## PROBLEM STATEMENT
For this exercise, copy exactly every line from the one holding "HOMKULA Food Covers" through the end of the data, both included. Omit pictures.

## THE DATA
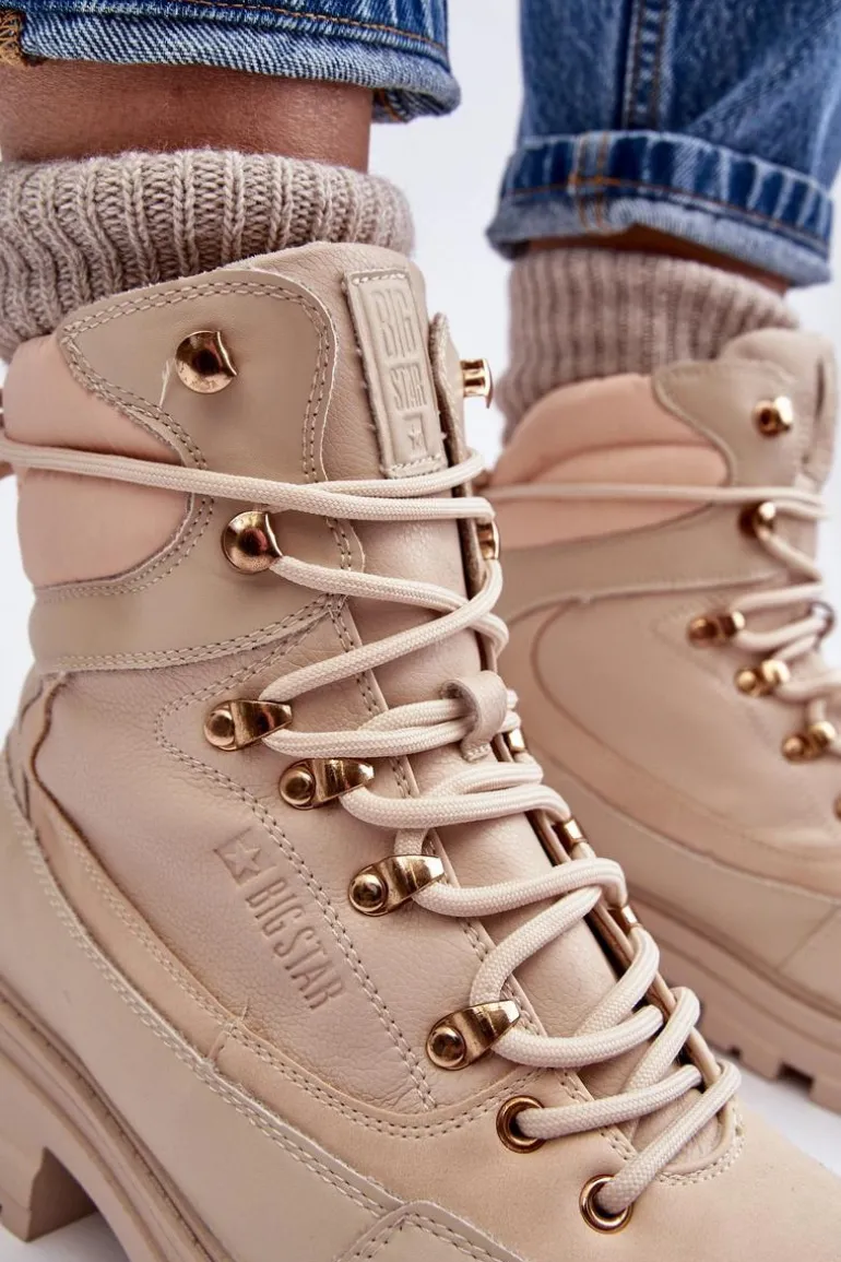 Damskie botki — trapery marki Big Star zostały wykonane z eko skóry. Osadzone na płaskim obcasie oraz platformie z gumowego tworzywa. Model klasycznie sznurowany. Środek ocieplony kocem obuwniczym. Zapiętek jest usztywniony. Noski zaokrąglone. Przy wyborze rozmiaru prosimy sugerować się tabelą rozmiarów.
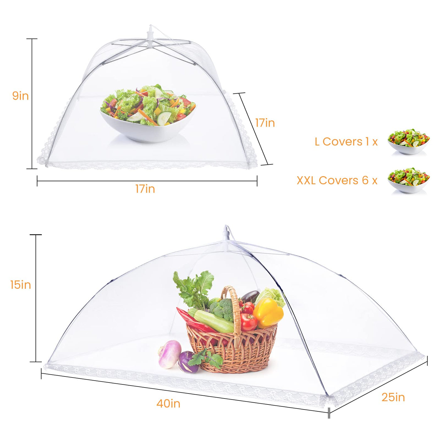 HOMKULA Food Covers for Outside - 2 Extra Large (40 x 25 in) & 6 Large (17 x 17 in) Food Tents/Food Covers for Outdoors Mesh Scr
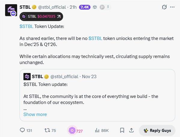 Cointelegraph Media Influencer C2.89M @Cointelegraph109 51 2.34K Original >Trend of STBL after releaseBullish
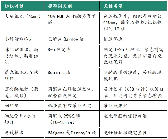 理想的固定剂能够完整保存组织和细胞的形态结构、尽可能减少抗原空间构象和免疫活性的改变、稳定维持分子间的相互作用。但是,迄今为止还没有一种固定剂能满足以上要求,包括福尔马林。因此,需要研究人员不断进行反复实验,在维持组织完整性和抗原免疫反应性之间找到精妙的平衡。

## YOUR RESPONSE
 HOMKULA Food Covers for Outside - 2 Extra Large (40 x 25 in) & 6 Large (17 x 17 in) Food Tents/Food Covers for Outdoors Mesh Scr
 Cointelegraph Media Influencer C2.89M @Cointelegraph109 51 2.34K Original >Trend of STBL after releaseBullish
 理想的固定剂能够完整保存组织和细胞的形态结构、尽可能减少抗原空间构象和免疫活性的改变、稳定维持分子间的相互作用。但是,迄今为止还没有一种固定剂能满足以上要求,包括福尔马林。因此,需要研究人员不断进行反复实验,在维持组织完整性和抗原免疫反应性之间找到精妙的平衡。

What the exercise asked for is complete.